» Required action:
In the entries below, print exactly the lines from the first through the one with "Un panneau d'accueil", both included, and none of the pictures.

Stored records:
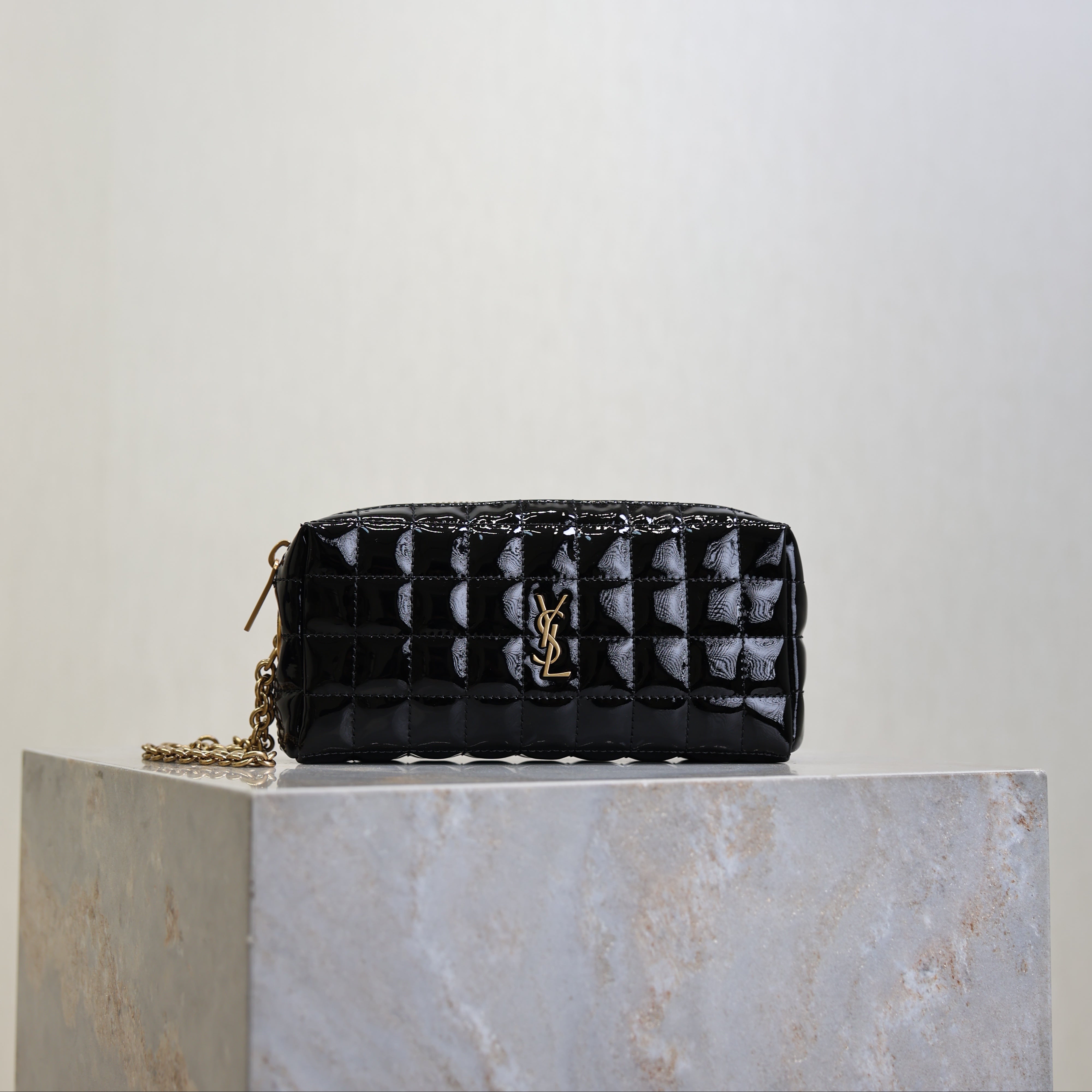 YSL 25S CASSANDRE MATELASSÉ CARRÉ POUCH ON CHAIN 18 IN BLACK SHINY CALFSKIN
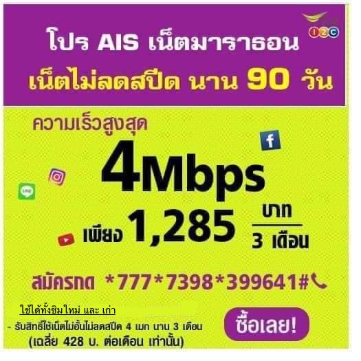 -โปรเน็ต ais วันทูคอล 4Mbps แบบ 3 เดือน 90 วัน เน็ตไม่อั้น ไม่ลดสปีด ความเร็วสูงสุด 4 Mbps .สมัครได้ทั้งซิมใหม่และเก่า ค่าบริการ เพียง 1,285 บาท ( รวมภาษีแล้ว ) สมัครกด *777*ึ7398*399641# โทรออก
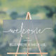 Un panneau d'accueil ACRYLIC présente un dégradé bleu roux transparent et les détails de votre mariage en lettrage chic. Changez pour n'importe quelle taille.
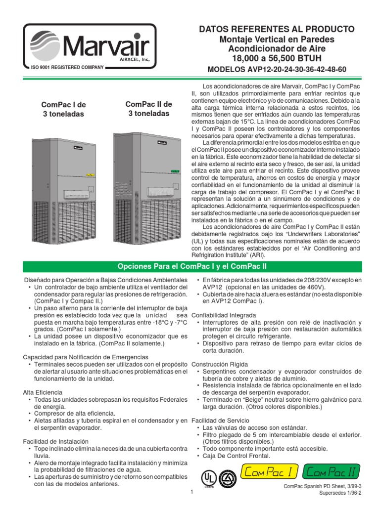 Datos Técnicos A/a Marvair ComPac I de 3 Toneladas ComPac II de 3
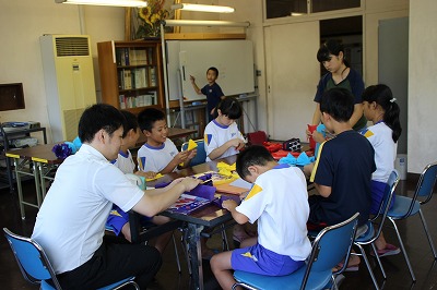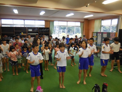 明日9/7は邦楽コンサート 2017-09-06 17:45:25 明日、邦楽グループ「玉手箱」のみなさんによる「邦楽コンサート」が本校体育館で開催され、全校児童で鑑賞します。 1学期にも来校されワークショップをしていただきました。5・6年生の代表20名も演奏に参加します。 保護者の皆さんの参観も歓迎します! 10:00~入場開始 ★初めの会10:25~ (公演10:30~12:00) 今日の放課後、職員と6年生で会場準備をしました。
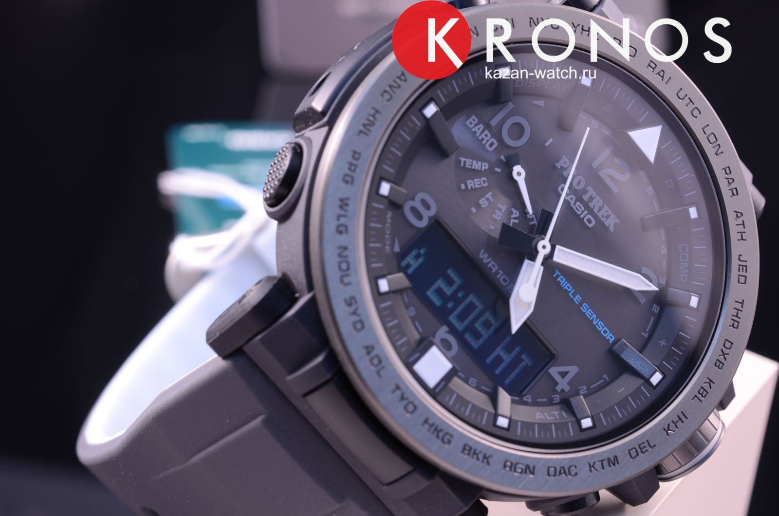 Питание от солнечной энергии -солнечные батарейки большой мощности, индикатор заряда батареи. Функция автоматического сохранения энергии. Время работы аккумулятора без подзарядки приблизительно 7 месяцев, при включенной функции сохранения энергии приблизительно 25 месяцев. Модуль часов рассчитан на работу при низких температурах до -10°С/14°F. Светонакопительное покрытие необрит продолжает светиться в темноте даже после непродолжительного пребывания на свету. Функция автоматической коррекции положения стрелок проверяет положение стрелок каждый час и корректирует его в случае необходимости. Мировое время –29 часовых поясов, всемирное координированное время . Технология Triple Sensor позволяет точно и легко определять сторону света, температуру и атмосферное давление. Термометр ,встроенный цифровой компас,высотомер - встроенный датчик барометрического давления . Хранение до 30 записей о высотных точках рельефа местности - измеренной абсолютной высоты, даты и времени. Система Smart Access с помощью электронной заводной головки обеспечивает простой и удобный доступ ко всем важным функциям часов. Нажатие или поворот заводной головки позволяет переключаться между различными режимами и активировать будильник, таймер, секундомер, а также настраивать функцию мирового времени. Секундомер с точностью показаний 1/100с и временем измерения 24ч. Сплит-хронограф. Таймер обратного отсчета от 1мин до 1ч. Функция перемещения стрелок. Функция отключения/включения звука. Завинчивающаяся заводная головка с защитой. Люминесцентная внутренняя поверхность ремешка.
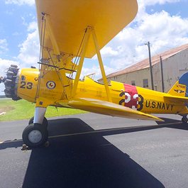 This aircraft was assembled from parts over 10 years ago. Wing members worked diligently to bring her to flying status from the parts of two different Stearman aircraft donated to the LSW all those years ago. The aircraft is painted in Navy colors and is maintained in flying condition by the diligent efforts of the members of the Lone Star Wing based in Marshall, Texas.
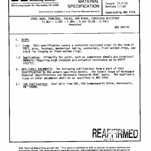 This specification covers a corrosion resistant steel in the form of bars, wire, forgings, mechanical tubing, extrusions, flash welded rings, and stock for forging or flash welded rings.
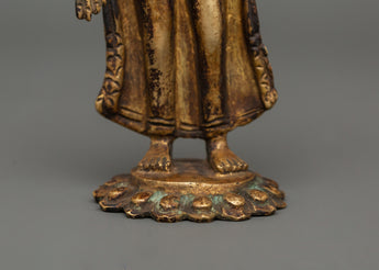This beautiful Buddha statue, made from high-quality copper, exemplifies traditional Tibetan workmanship with finely carved characteristics. The exquisite copper finish heightens its spiritual essence, making it an essential complement to a Dharma practice, altar worship, or collector's Buddhist item. Whether employed for meditation, religious ceremonies, or as a thoughtful spiritual gift, this Dipankara Buddha idol represents enlightenment, inner tranquility, and the eternal path of wisdom.
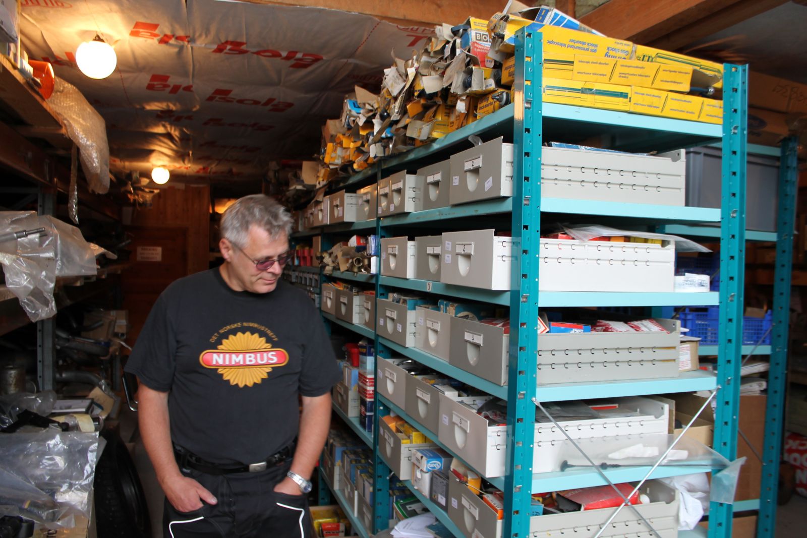 Det er hyggelig å være vitne til hvordan anlegget på Burud brukes av medlemmer og tilfeldig besøkende. Denne onsdagen var besøket enormt bra. Pølsebua gikk tom for pølser og det minket stygt i beholdning av brus og is. Luksusproblem kalles vel det. Det kommer stadig nye mennesker innom. Noen med gamle kjøretøyer vi ikke har sett før, andre med moderne kjøresaker. Fire ting utpekte seg som spesielt hyggelig denne kvelden. Vi ble kontaktet av en ung gutt som gjerne vil delta i ungdomsgruppa med å pusse opp Rekord og Transit. Vi tar ham imot med åpne armer og håper flere vil være med. Videre var det veldig mange motorsykler denne kvelden. Motorsykkel er også et viktig element i samferdselshistorien, og kanskje en type kjøretøy vi bør vie mer oppmerksomhet. På to hjul dukket det også opp en gjeng gutter på 16-17 år. To på Tempo moped og en med Gilera bl.a. Veldig hyggelig at vi fatter interesse også blant denne gruppen. Delelageret var pip åpent for første gang. Det var nok ikke alle som oppfattet det, men noen var inne og kikket i hyllene. Og det var ikke antydning til at noen rotet... Summa summarum; enda en super-kveld på Norsk Motorhistorisk Senter.

» Expected output:
 YSL 25S CASSANDRE MATELASSÉ CARRÉ POUCH ON CHAIN 18 IN BLACK SHINY CALFSKIN
 -โปรเน็ต ais วันทูคอล 4Mbps แบบ 3 เดือน 90 วัน เน็ตไม่อั้น ไม่ลดสปีด ความเร็วสูงสุด 4 Mbps .สมัครได้ทั้งซิมใหม่และเก่า ค่าบริการ เพียง 1,285 บาท ( รวมภาษีแล้ว ) สมัครกด *777*ึ7398*399641# โทรออก
 Un panneau d'accueil ACRYLIC présente un dégradé bleu roux transparent et les détails de votre mariage en lettrage chic. Changez pour n'importe quelle taille.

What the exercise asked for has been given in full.